Another advantage comes from its code-generation directives. Those appear
inline as pragmas in some other C-to-gates tools, but I understand that
Catapult keeps pragmas out of their code. This makes it easier to apply
different speed/space tradeoffs to different usages of the same C source.
When I asked, the presenters told me that some CatC directives allow array
interleaving across multiple RAM banks. This is just as important for
parallelizing memory accesses as loop unrolling directives are for
parallelizing arithmetic operations.
Gotchas: I know of C-to-gates tool that handles at least some function
pointers that can't be resolved at compile time, and Catapult appears to
lack that. Native floating point support isn't there either for Catapult,
even though fused datapaths for sequences of floating point operations
get good performance in rival C synthesis tools.
Catapult has one great feature that I've seen in only one other tool: the
ability to bind C-language pointer references to memories not under CatC's
control. The alternative is to recode every pointer or array reference,
read or write, as a call to some library function. Even with restrictions
(not entirely clear from their DAC demo), binding pointers to memory
interfaces makes for a much more natural C programming experience.

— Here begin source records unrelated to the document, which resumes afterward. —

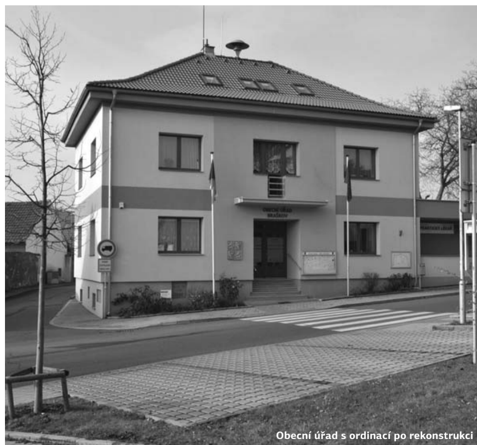
Obecní úřad s ordinací po rekonstrukci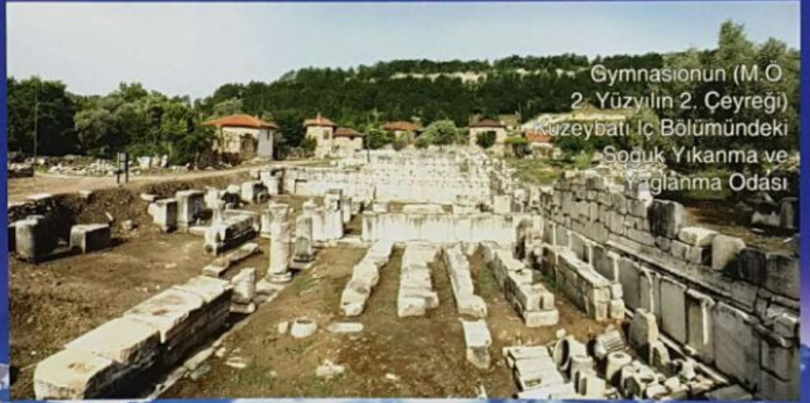
Gymnasionun (M.Ö. 2. Yüzyılın 2. Çeyreği) Kuzeybatı İç Bölümündeki Soguk Yıkanma ve Yağlanma Odası

çalışmalarında, kentin yapısına uygun olarak antik dönemlerden günümüze her devirden eserin gelecek nesillere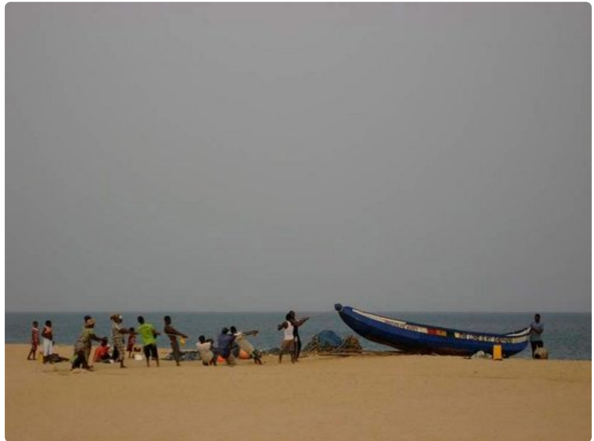
Kalastajat kiskovat venettä Ketan palmuista riisutulla rannalla.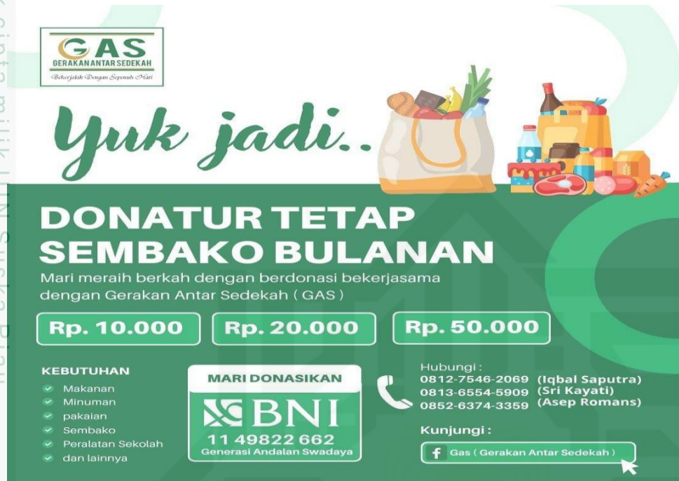
Poster penggalangan dana untuk menjadi donator

Compared to other C-to-gates tools, Catapult appears to have a relatively
large installed base and history of use. Popularity doesn't ensure
quality, of course. When talking about compilers, though, a wider user
base suggests that more different usages and off-the-wall corner cases
have been thrown at it. That increases the chance that any constructs I
would want to use have already been exercised by other users.
- Tom Vancourt of Altera
---- ---- ---- ---- ---- ---- ----
Catapult C
C synthesis starts to become a reality. This is a disruptive technology.

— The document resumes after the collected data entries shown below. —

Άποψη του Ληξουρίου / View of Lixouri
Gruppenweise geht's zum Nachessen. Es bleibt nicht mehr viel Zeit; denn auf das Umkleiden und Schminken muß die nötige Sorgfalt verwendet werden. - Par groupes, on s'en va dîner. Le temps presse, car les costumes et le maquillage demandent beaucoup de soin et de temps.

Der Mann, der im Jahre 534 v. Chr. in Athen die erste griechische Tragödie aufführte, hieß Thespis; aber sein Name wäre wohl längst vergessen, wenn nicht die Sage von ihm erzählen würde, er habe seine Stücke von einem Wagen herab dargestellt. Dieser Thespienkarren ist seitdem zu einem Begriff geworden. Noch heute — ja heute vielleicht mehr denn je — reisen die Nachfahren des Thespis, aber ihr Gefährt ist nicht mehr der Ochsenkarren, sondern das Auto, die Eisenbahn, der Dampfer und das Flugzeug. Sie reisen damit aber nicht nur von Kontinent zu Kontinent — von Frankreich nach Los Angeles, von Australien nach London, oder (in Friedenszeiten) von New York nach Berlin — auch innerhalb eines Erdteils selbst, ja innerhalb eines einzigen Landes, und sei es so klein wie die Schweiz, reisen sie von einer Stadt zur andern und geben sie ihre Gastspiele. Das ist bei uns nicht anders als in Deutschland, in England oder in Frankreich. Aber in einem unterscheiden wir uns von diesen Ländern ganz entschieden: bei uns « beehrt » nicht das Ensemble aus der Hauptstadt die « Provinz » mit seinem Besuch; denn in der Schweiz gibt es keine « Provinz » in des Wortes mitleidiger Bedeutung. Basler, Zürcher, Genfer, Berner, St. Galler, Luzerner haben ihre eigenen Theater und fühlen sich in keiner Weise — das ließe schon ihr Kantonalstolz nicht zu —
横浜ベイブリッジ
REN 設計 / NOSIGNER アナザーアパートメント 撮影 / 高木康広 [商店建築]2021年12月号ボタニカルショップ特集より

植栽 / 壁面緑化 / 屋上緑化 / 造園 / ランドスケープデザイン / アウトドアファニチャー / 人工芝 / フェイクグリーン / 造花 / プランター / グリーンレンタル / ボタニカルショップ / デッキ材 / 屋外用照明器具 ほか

I was impressed with the capability of the tool and the integration in a
ASIC/FPGA design flow. If the number of users (designs) will double or
triple and the capability of the tool will be improved to include all the
low power techniques used today during RTL implementation C might become
the tool of choice for hardware accelerator design (video cores, graphic
cores, low power audio cores, etc).
The gains claimed in productivity and verification time are huge.
Also the quality can be much better than a traditional Verilog design
implementation. The designer can focus on architectural exploration and
optimization instead of one architecture.
- [ An Anon Engineer ]
---- ---- ---- ---- ---- ---- ----
I was already interested in HLS, but Cooley's column that HLS is here
just reinforced my interest. Since we are a Mentor house, it's only
natural that we'll look at CatapultC.
- [ An Anon Engineer ]
---- ---- ---- ---- ---- ---- ----
Mentor has improved their Catapult C synthesis tool. (We've been tracking
it.) Their DAC demo this year used an arbiter design to showcase their
new control logic synthesis capabilities. Nicely done. I have a comment
about its final RTL though -- it's completely structural and quite hard
for humans to read.
- [ An Anon Engineer ]
---- ---- ---- ---- ---- ---- ----
I went to Mentor's CatapultC presentation at DAC this year and it sounds
promising. We definitely will considering it for our next SOC.
- Benjamin Tran of Qualcomm
---- ---- ---- ---- ---- ---- ----
One of the most interesting tools at DAC this year was CatapultC. We've
been using it over the past couple of years to SoC hardware accelerators.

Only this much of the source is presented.